Yodŏk is a county in South Hamgyŏng province, North Korea. Originally part of Yŏnghŭng county (now Kŭmya County), it became a separate entity as part of the 1952 reorganization of local government.

==Name==
The County is named after a fortress that was built in the region in 1023 called Yodokjin, meaning "A fortress on a hill where the sun shines".

==History==

===Ancient times===
The region was under the dominion of the kingdom of OKjeo, which formed its southern regions. In 56 it was incorporated into the kingdom of Goguryeo, and during the rule of Goguryeo the region was called Jangryongjin, Dangmun, or Bakpyong County. The region was administered under the Namgyongnamhae department under Balhae.

===Medieval times===
After the fall of Balhae, the region was roamed by the Jurchens, until they were reincorporated into the kingdom of Goryeo in 920. The region was renamed as Hwaju, and fortresses were constructed including the famous Cheolli Jangseong. The region went under the control of Ssangseong Prefectures, after Goryeo was defeated by the Yuan dynasty.

===Japanese occupation===
The regions that forms modern day Yodok County today, were administered under Yonghung County (formed as a result of a subdivision change in 1895) as follows,

====Sonhungmyon====
Sonhungmyon was a myon that was originally known as Sondokmyon in 1907, was named as Sonhung in 1910.The region was mountainous and known for growing potatoes, beans and Foxtail millets, and was known for grazing cows and the production of timber. A branch of the Yonghung river called the Bulryusu was a river known to be a ritual site for kings and housed the Jinjung temple where an oral story of a buddhist monk exists.

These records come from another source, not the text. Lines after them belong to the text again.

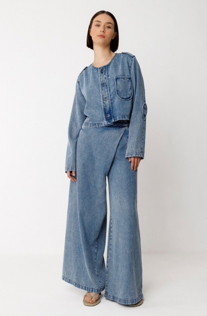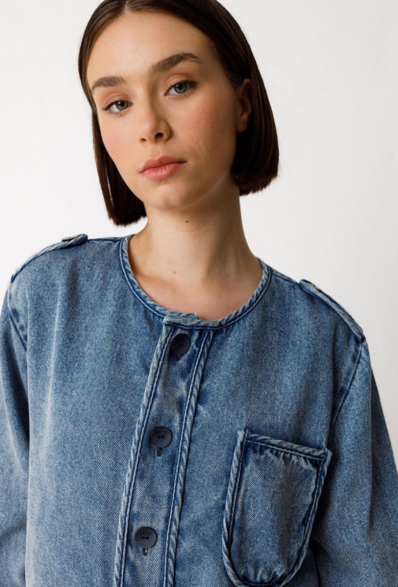 Es momento de hablar de las tres prendas que componen la nueva propuesta de moda con tejidos sostenibles de Skfk. La primera es una chaqueta que reinterpreta el tradicional kaiku, una prenda clásica de la vestimenta vasca. Esta versión actualizada mantiene las líneas esenciales del diseño original, adaptándose a los tiempos y a las tendencias contemporáneas. Detalles como los botones en las hombreras, el bolsillo frontal y las mangas estructuradas aportan un enfoque moderno sin perder la esencia cultural.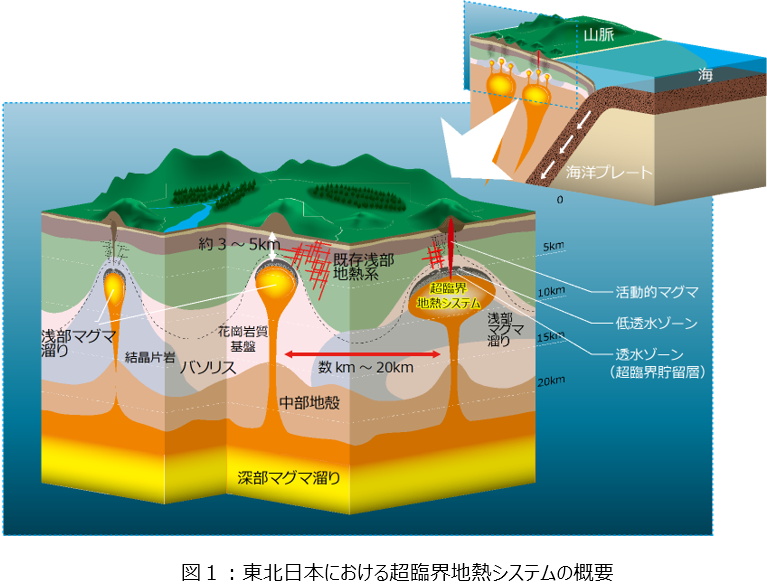 前回のコラムでは、地熱発電は低環境負荷かつ安定した国産の電力を共有可能な発電技術ですが、国内導入量は多くはないのが現状である、とお伝えしました。地熱発電の発電量をさらに増やしていくためには、在来型地熱発電の継続的な導入拡大に加えて、革新的な技術開発によって地熱発電の大量導入が可能となることが望まれます。そこで、これまで検討されている先進的な発電技術のうち、飛躍的に地熱発電の導入量を増加させる可能性がある技術が、超臨界地熱発電です。超臨界地熱発電は、地下3〜5km程度の深さにある400〜500℃の超臨界地熱流体を利用します(図1)。これは、在来型の地熱発電で利用している深さ1.5〜3km、200〜350℃の地熱流体よりもはるかに深部の高圧、高温の環境にある流体で、その開発には高度な技術が必要になります。超臨界地熱発電では1か所で100MWe以上の大きなエネルギーを得ることができると考えられ、発電に適した地域は国内に多く想定されることから、国内の地熱発電量を現在の数倍以上にできる可能性があります。政府が策定した「2050年カーボンニュートラルに伴うグリーン成長戦略1)」や「第6次エネルギー基本計画2)」において、超臨界地熱発電は開発を推進すべき革新的技術に掲げられており、新エネルギー・産業技術総合開発機構(NEDO)の委託研究として産総研、大学、企業等が連携して関連技術の研究開発を進めてきました。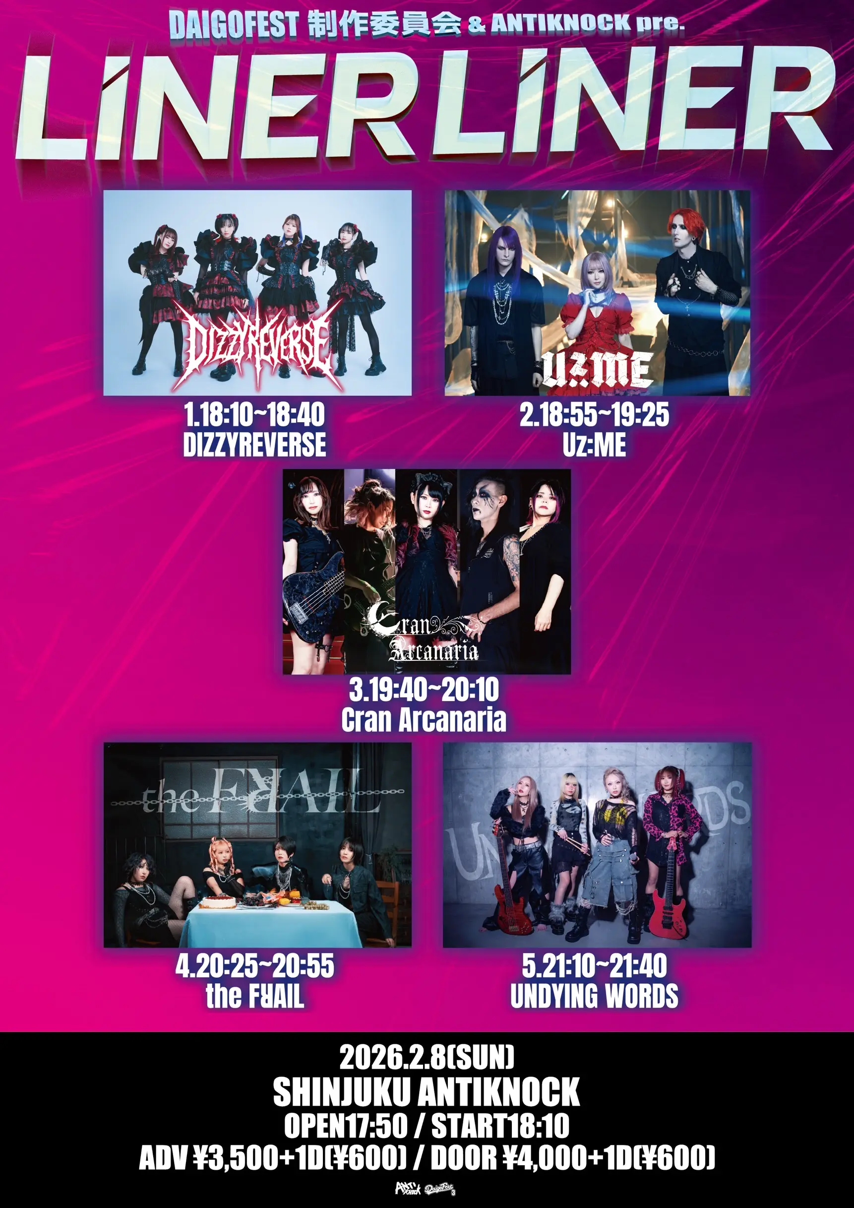 出演者 UNDYING WORDS / the FꓤAIL / DIZZYREVERSE / Cran Arcanaria / Uz:ME
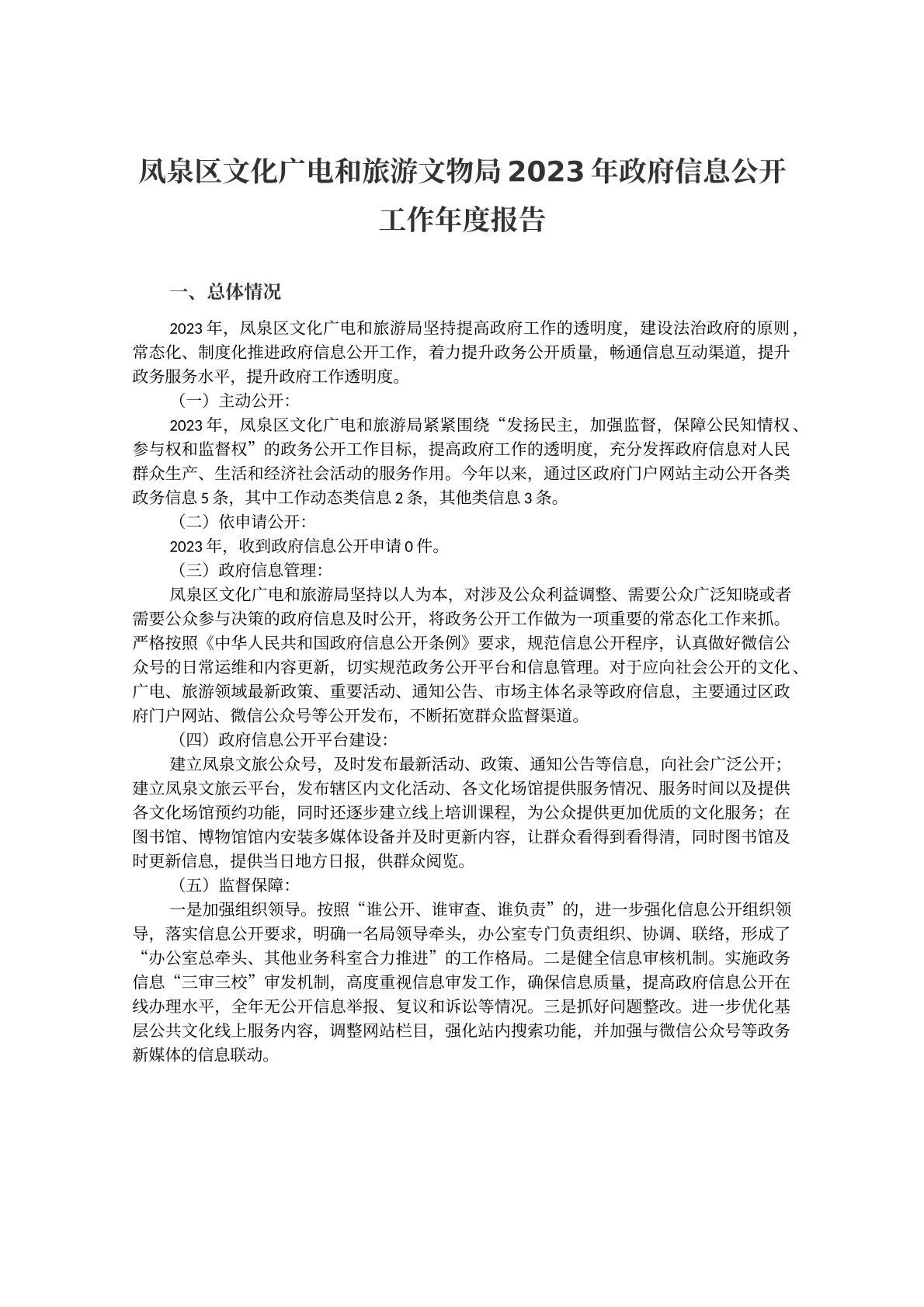 凤泉区文化广电和旅游文物局2023年政府信息公开工作年度报告

It also had ruins of a fortress called Pyongchonsansong.

====Yodokmyon====
Yodokmyon was a myon known for weaving textiles made from cannabis. It had the Yodokjin and Wolwangryong peak.

====Hwengchonmyon====
Hwengchonmyon hosted an ancient fortress ruin called Gocholongsongji. It also was known for its market of livestock.

===After liberation of Northern Korea===
The county was part of Yonghung County, until 1952. The county was formed from Sonhungmyon, Yodokmyon and 23 ris that were part of Hwengchonmyon, which was part of Yonghung County.

==Natural geography==
Most of the county is mountainous. Yodŏk is traversed by the Rangrim and Puktaebong ranges. The chief river is the Ryonghŭng. The highest point is Raganbong. Roughly 90% of the county's area is forestland.

==Administrative divisions==
Yodŏk county is divided into 1 ŭp (town) and 21 ri (villages):

| * Yodŏk-ŭp * Ch'ŏnhŭng-ri * Hŭngsang-ri * Hyangbong-ri * Inhŭng-ri * Inhwa-ri * Kuŭp-ri * Kwanp'yŏng-ri * Misam-ri * Mun'am-ri * P'yŏngjŏl-li | * P'yŏngwŏl-li * Ripsŏng-ri * Ryangsu-ri * Ryongp'yŏng-ri * Sŏng-ri * Sŏngch'ŏl-li * Songdo-ri * Taesung-ri * Tongsal-li * Unhŭng-ri * Wansal-li |

==Economy==
Due to the rugged terrain, agriculture is nearly impossible. However, a few farms are tucked into the mountains, harvesting maize, soybeans, millet, wheat and barley.

==Transport==
Yodŏk county is served primarily by roads, but there is a single railway station on the P'yŏngra line of the Korean State Railway in Yodŏk-ŭp.

==Camp==
Yodŏk is the site of the Yodŏk concentration camp.